Line by line, the data below should be set down unchanged, with images excluded.

:: Dataset extract

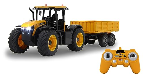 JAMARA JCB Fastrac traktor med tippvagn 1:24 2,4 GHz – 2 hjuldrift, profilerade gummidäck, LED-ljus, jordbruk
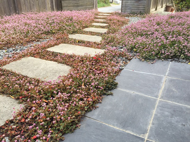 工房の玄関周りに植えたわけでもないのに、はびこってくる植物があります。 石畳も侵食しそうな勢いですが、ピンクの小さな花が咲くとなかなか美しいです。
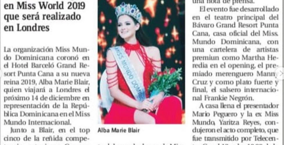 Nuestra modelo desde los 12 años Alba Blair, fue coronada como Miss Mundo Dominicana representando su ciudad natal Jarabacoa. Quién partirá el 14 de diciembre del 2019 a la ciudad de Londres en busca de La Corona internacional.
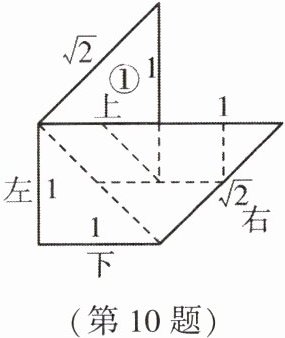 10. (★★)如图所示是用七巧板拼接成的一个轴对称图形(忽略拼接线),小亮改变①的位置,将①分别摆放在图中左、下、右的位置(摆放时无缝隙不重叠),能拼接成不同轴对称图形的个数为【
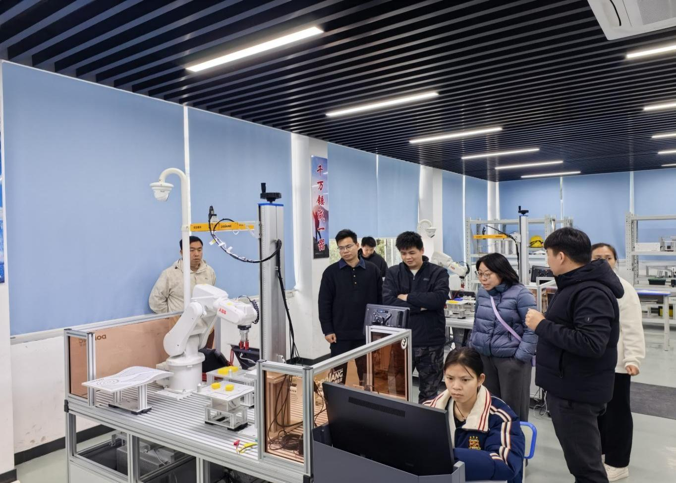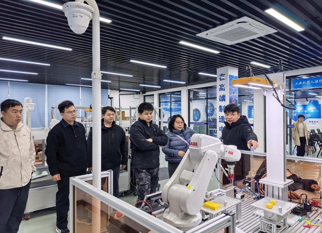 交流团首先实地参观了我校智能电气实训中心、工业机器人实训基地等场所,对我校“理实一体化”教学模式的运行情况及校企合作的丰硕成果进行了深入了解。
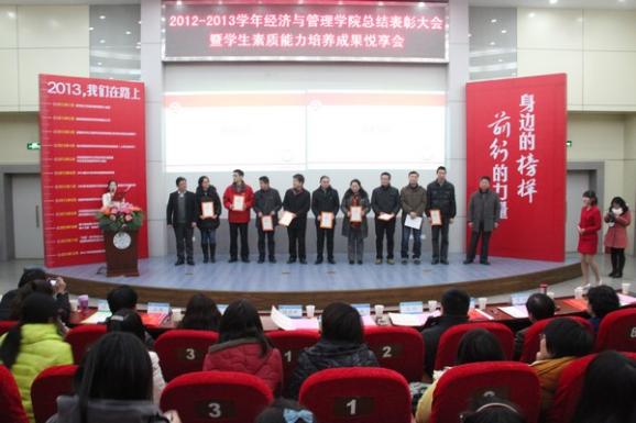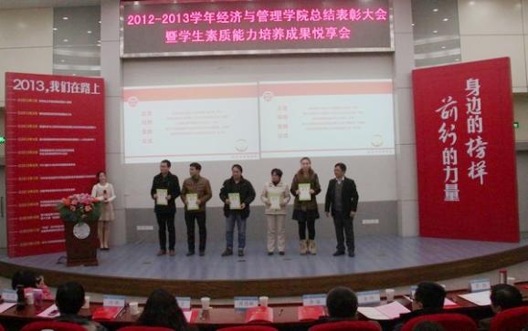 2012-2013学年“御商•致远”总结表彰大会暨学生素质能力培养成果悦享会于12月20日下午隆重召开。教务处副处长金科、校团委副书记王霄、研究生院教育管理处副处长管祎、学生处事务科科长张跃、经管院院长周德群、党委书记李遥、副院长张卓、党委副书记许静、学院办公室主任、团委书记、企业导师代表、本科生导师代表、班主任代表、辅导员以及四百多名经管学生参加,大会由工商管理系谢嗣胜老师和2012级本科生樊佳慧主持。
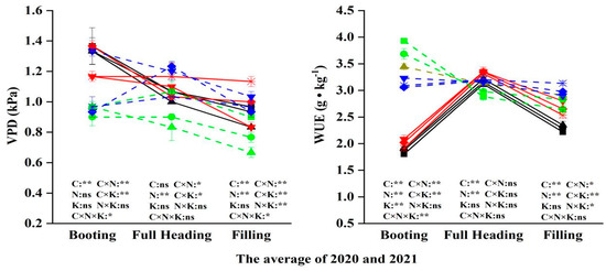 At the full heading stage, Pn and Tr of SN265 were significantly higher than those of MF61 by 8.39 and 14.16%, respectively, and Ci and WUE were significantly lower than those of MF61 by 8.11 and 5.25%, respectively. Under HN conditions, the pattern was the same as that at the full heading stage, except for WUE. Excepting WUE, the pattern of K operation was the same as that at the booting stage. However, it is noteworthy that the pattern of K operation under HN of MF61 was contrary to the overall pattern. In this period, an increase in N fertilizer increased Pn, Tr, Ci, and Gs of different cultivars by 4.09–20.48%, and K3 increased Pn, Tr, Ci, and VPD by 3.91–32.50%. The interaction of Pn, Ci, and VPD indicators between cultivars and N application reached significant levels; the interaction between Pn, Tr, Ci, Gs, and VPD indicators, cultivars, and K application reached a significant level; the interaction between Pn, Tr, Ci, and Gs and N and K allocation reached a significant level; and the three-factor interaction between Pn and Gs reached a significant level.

::::

-- Task result --
 JAMARA JCB Fastrac traktor med tippvagn 1:24 2,4 GHz – 2 hjuldrift, profilerade gummidäck, LED-ljus, jordbruk
 工房の玄関周りに植えたわけでもないのに、はびこってくる植物があります。 石畳も侵食しそうな勢いですが、ピンクの小さな花が咲くとなかなか美しいです。
 Nuestra modelo desde los 12 años Alba Blair, fue coronada como Miss Mundo Dominicana representando su ciudad natal Jarabacoa. Quién partirá el 14 de diciembre del 2019 a la ciudad de Londres en busca de La Corona internacional.
 10. (★★)如图所示是用七巧板拼接成的一个轴对称图形(忽略拼接线),小亮改变①的位置,将①分别摆放在图中左、下、右的位置(摆放时无缝隙不重叠),能拼接成不同轴对称图形的个数为【
 交流团首先实地参观了我校智能电气实训中心、工业机器人实训基地等场所,对我校“理实一体化”教学模式的运行情况及校企合作的丰硕成果进行了深入了解。
 2012-2013学年“御商•致远”总结表彰大会暨学生素质能力培养成果悦享会于12月20日下午隆重召开。教务处副处长金科、校团委副书记王霄、研究生院教育管理处副处长管祎、学生处事务科科长张跃、经管院院长周德群、党委书记李遥、副院长张卓、党委副书记许静、学院办公室主任、团委书记、企业导师代表、本科生导师代表、班主任代表、辅导员以及四百多名经管学生参加,大会由工商管理系谢嗣胜老师和2012级本科生樊佳慧主持。
 At the full heading stage, Pn and Tr of SN265 were significantly higher than those of MF61 by 8.39 and 14.16%, respectively, and Ci and WUE were significantly lower than those of MF61 by 8.11 and 5.25%, respectively. Under HN conditions, the pattern was the same as that at the full heading stage, except for WUE. Excepting WUE, the pattern of K operation was the same as that at the booting stage. However, it is noteworthy that the pattern of K operation under HN of MF61 was contrary to the overall pattern. In this period, an increase in N fertilizer increased Pn, Tr, Ci, and Gs of different cultivars by 4.09–20.48%, and K3 increased Pn, Tr, Ci, and VPD by 3.91–32.50%. The interaction of Pn, Ci, and VPD indicators between cultivars and N application reached significant levels; the interaction between Pn, Tr, Ci, Gs, and VPD indicators, cultivars, and K application reached a significant level; the interaction between Pn, Tr, Ci, and Gs and N and K allocation reached a significant level; and the three-factor interaction between Pn and Gs reached a significant level.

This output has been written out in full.